Если гендиректора ОРТ в самом деле заказал Березовский, то мотив его мог быть совершенно иным; знающие люди говорят, что незадолго до гибели разругались они окончательно. Контроль над каналом утекал у Березовского на глазах; реальная власть находилась в руках Листьева, но снять его теперь было невозможно, — Кремль никогда на это не пошел бы. Прогремевшие в ночном подъезде выстрелы разрешили эту проблему окончательно и бесповоротно: власть на ОРТ вернулась к Березовскому — теперь уже на долгие годы вперед. Немудрено, что подозрение мгновенно пало на его лысоватую голову. („Были серьезные подозрения, — говорил по этому поводу шеф МВД Анатолий Куликов, — что гибель Листьева спровоцирована экономическими разногласиями на телеканале ОРТ, входившем в сферу влияния Бориса Абрамовича^)
На другой же день после смерти Листьева в офисе „ЛогоВАЗа“ на Новокузнецкой улице был проведен обыск. Кстати, невольным свидетелем его оказался и заехавший пообедать в „ЛогоВАЗ“ Юмашев. Руководивший операцией начальник отдела столичного РУОПа Валерий Казаков признавался, что ему приказывали задержать и самого Березовского, но тот сумел скрыться. Из здания, угрожающе потрясая табельным пистолетом, его вывел сотрудник ФСБ Александр Литвиненко, тот самый, что станет впоследствии политэмигрантом и „жертвой путинского режима“.

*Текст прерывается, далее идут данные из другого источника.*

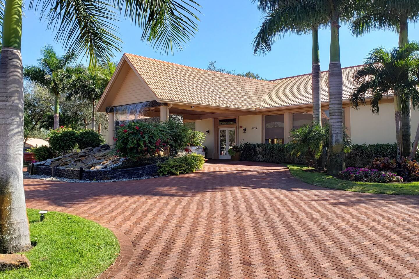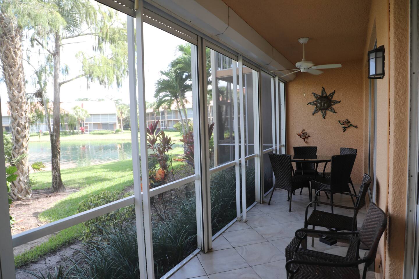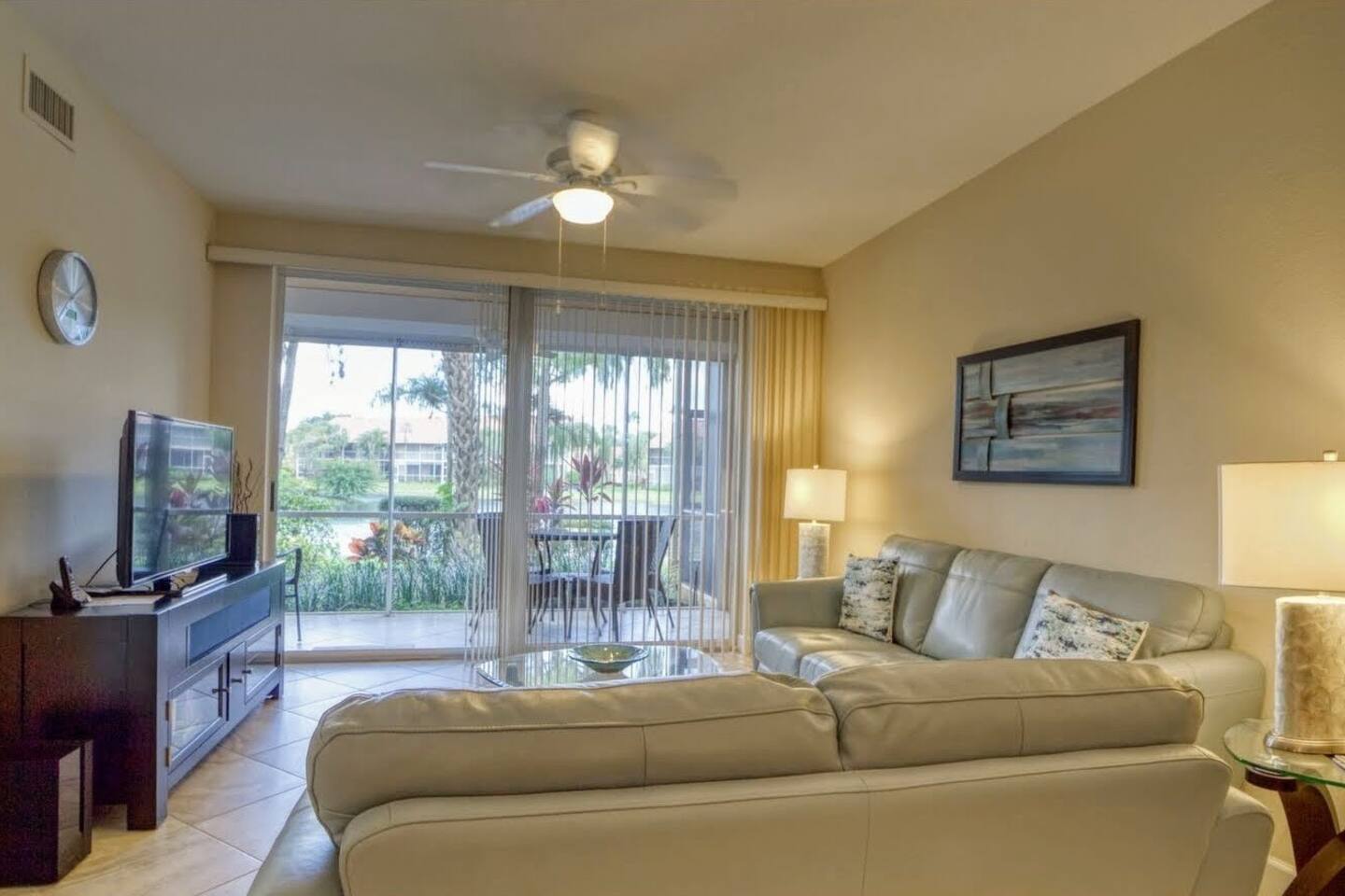 If you've been looking for the perfect getaway in Napes, look no further. 'Paradise Found' is ready to meet the needs of the most discerning guests. We purchased 'Paradise Found' in 2012 and completed a top to bottom renovation of the home the same year. In 2021, we completed an update of the living room furniture, bedding, and other furnishment ensure guest comfort. Its stately gated entrance gives way to a grand boulevard lined with trees, flowers and waterfalls leading to the home and its lakefront views. With a chef's ready granite and stainless kitchen and spa-like 2 headed walk-in shower with bench seating, we think you'll agree that 'Paradise Found' has everything you'll need for the perfect trip to Naples. Imagine the sun climbing over the palm trees and glistening off the lake as you sip your morning coffee on the expansive rear lanai. A 20 foot high fountain provides a soothing backdrop to the view of the private island complete with its own coconut, banana and bird of paradise vegetation. The island's lush foliage provides great shade for a late afternoon snack or glass of wine. Back at 'Paradise Found' you will enjoy a 2 BR / 2 BA 1351 sq ft under air with front (79 sq ft) and rear lanais (165 sq. ft) giving this end-unit villa lots of light and an airy feel. You'll love its walk in showers with invigorating rain shower heads with grab bars for easy access, 2 lanais (front and rear) for enjoying the tropical sights and sounds, and its contemporary yet comfortable furnishings including large screen flat paneled wall mounted televisions with surround sound. We've spared no expense to ensure that Paradise Found is ready to meet your perfect vacation wish-list. The unit has fast WIFI internet and unlimited long distance calling to keep in touch with friends and family. And when you are ready to step out of the villa, Falling Water's rich amenities are at your door. Its 13,000 sq. ft pool (one of largest in SW Florida) with waterfalls and islands is a great spot to relax, meet neighbors from around the world, and catch some sun. The clubhouse complex has 2 tennis courts and shaded / screened bocce courts. The 2.1 mile neighborhood walking / biking path is a great way to get some exercise. Outside of Falling Waters' gates lie Naples' superb amenities including world-class gulf beaches and shopping, arts centers, fishing and nature preserves all within 10 - 15 minutes drive. 5th Ave is within a short 10 min drive. We've been vacationers in Naples for over 15 years and we are confident that you are going to love Paradise Found not only for its luxury and comfort, but how easy it is to take advantage of all that Naples has to offer. We invite you to book your stay today! The unit has 2 BR / 2 BA. The master BR is a King Bedroom and offers an oversize walk in shower with grab bars, a stone bench, and 2 spa like rain shower heads. The guest BR can be configured as 2 twins or a king based on your preference. The guest bath includes a walk in shower with grab bar and sliding glass doors. We provide 4 beach chairs, umbrella and beach towels for your use along with 2 bicycles. We're happy to share our tips and recommendations in a booklet we'll leave for your reference. We're confident you'll love Naples as much as we do! Please note this is a 100% non-smoking unit including the exterior lanai. No smoking is permitted.
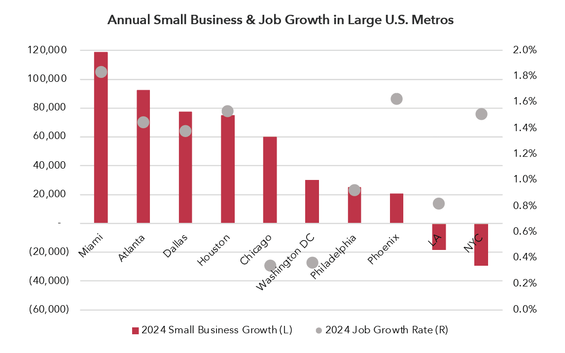 One trend to watch in 2025 will be small businesses growth. Atlanta’s share of small businesses grew by more than 92,000 in 2024, second only to Miami, and employed more than 1 million. According to the U.S. Small Business Administration (SBA), small businesses (generally defined as firms with fewer than 500 employees) have historically been responsible for around two-thirds of net new jobs created in the United States. Business and job growth, in conjunction with an expanding return-to-office (RTO) trend, provide inertia for office space demand.

Мой друг Петр Трибой, возглавлявший следственную бригаду Генпрокуратуры, рассказывал мне, что основными подозреваемыми были два человека, в том числе — Березовский. Но продвинуться вперед — от подозрений к доказательствам — прокуратуре просто не дали. Между прочим, ход расследования очень тревожил самого Бориса Абрамовича; настолько явно, что на ум поневоле приходит поговорка про горящую шапку. Когда журналисты практически в открытую стали писать о причастности Березовского к убийству, он почему-то побежал не в суд, а в МВД — прямиком к министру Куликову: „Анатолий Сергеевич, у вас есть что-то против меня по делу Листьева?“ Куликов успокоил его, как мог. Но потом — на свою беду — полушутя обронил в разговоре с Юмашевым: не потому ли, мол, Березовский так активно ставит на Лебедя, что боится загреметь в тюрьму? «Мои слова достигли ушей Березовского, — свидетельствует Куликов, — позднее он опять поднял этот вопрос: „Анатолий Сергеевич, вы тоже считаете, что я виновен?“ — „Нет, — сказал я ему, — у меня нет для этого оснований. Но по тональности, с которой мне был раньше задан этот вопрос, я сделал заключение: вы чего-то опасаетесь. Поэтому и поделился своими наблюдениями с
Юмашевым“. „Березовский с ужасом посмотрел на меня, — подытоживает генерал. —
…Журналистам свойственно демонизировать личность Березовского. Ему приписывают самые разные, чисто дьявольские черты; в конце 1990-х вообще было принято связывать любую провокацию или интригу с его достославным именем».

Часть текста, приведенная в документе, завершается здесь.